> [ACTION ITEM] Leave out the images; return the rest of the data exactly.

> [PROVIDED DATA]

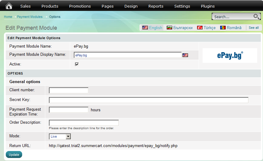 Summer Cart system automatically generates Return URL and displays it. Store owner has to send it to Epay.bg so that Epay.bg can make asynchronous payment notifications. This is to prevent the store owner from not being notified about any payment. |
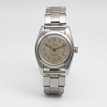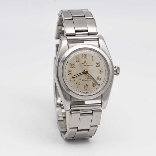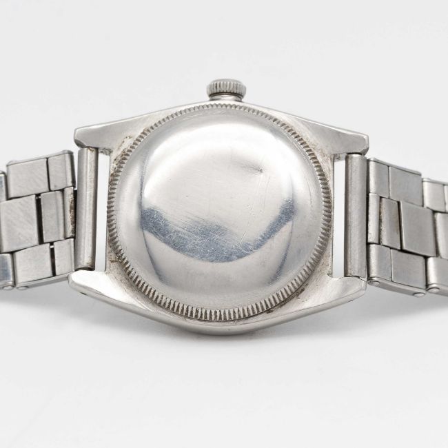 A RARE GENTLEMAN'S STAINLESS STEEL ROLEX OYSTER PERPETUAL CHRONOMETER "BUBBLE BACK" BRACELET WATCHCIRCA 1946, REF. 2940Movement: Automatic chronometer, signed Rolex, numbered.Case: Diameter approx. 33mm, signed Rolex, serial no. 39x,xxx, original Rolex Oyster crown.Bracelet: Stainless steel Rolex Oyster riveted bracelet, signed Rolex S.A., dated 4.48.CONDITION REPORTDial: Original dial in excellent condition, showing very small signs of age.Movement: Running & functioning at present, timekeeping and accuracy cannot be guaranteed.Case: In very good condition, with some light scratches due to general use.Strap/Bracelet: In very good condition.
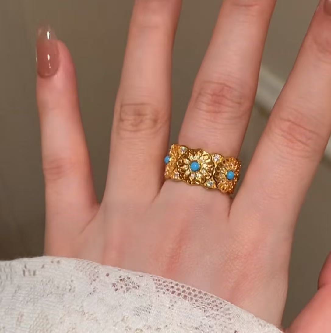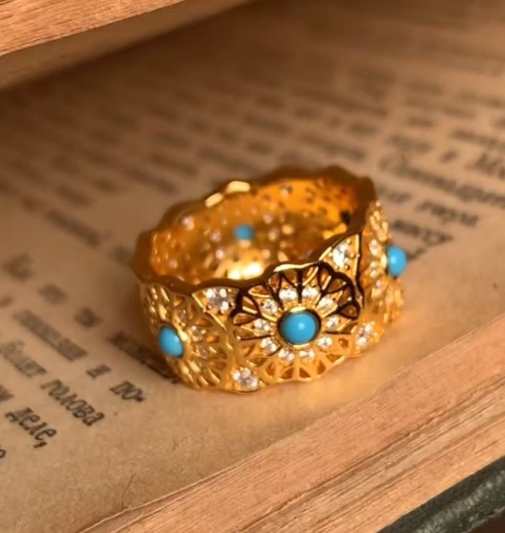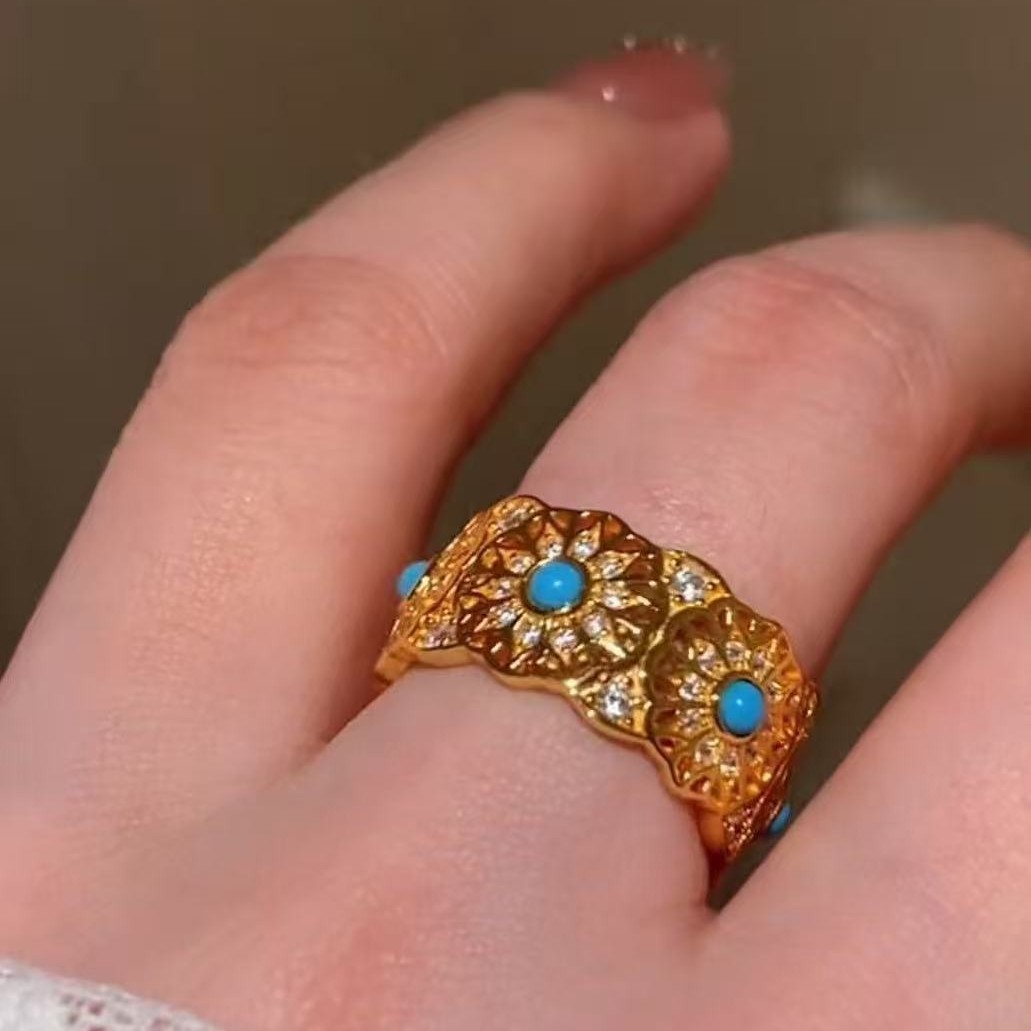 纯银S925中古vintage玫瑰花窗蓝松石戒指时尚轻奢复古高级指环

> [RESULT OF THIS EXERCISE]
 Summer Cart system automatically generates Return URL and displays it. Store owner has to send it to Epay.bg so that Epay.bg can make asynchronous payment notifications. This is to prevent the store owner from not being notified about any payment. |
 A RARE GENTLEMAN'S STAINLESS STEEL ROLEX OYSTER PERPETUAL CHRONOMETER "BUBBLE BACK" BRACELET WATCHCIRCA 1946, REF. 2940Movement: Automatic chronometer, signed Rolex, numbered.Case: Diameter approx. 33mm, signed Rolex, serial no. 39x,xxx, original Rolex Oyster crown.Bracelet: Stainless steel Rolex Oyster riveted bracelet, signed Rolex S.A., dated 4.48.CONDITION REPORTDial: Original dial in excellent condition, showing very small signs of age.Movement: Running & functioning at present, timekeeping and accuracy cannot be guaranteed.Case: In very good condition, with some light scratches due to general use.Strap/Bracelet: In very good condition.
 纯银S925中古vintage玫瑰花窗蓝松石戒指时尚轻奢复古高级指环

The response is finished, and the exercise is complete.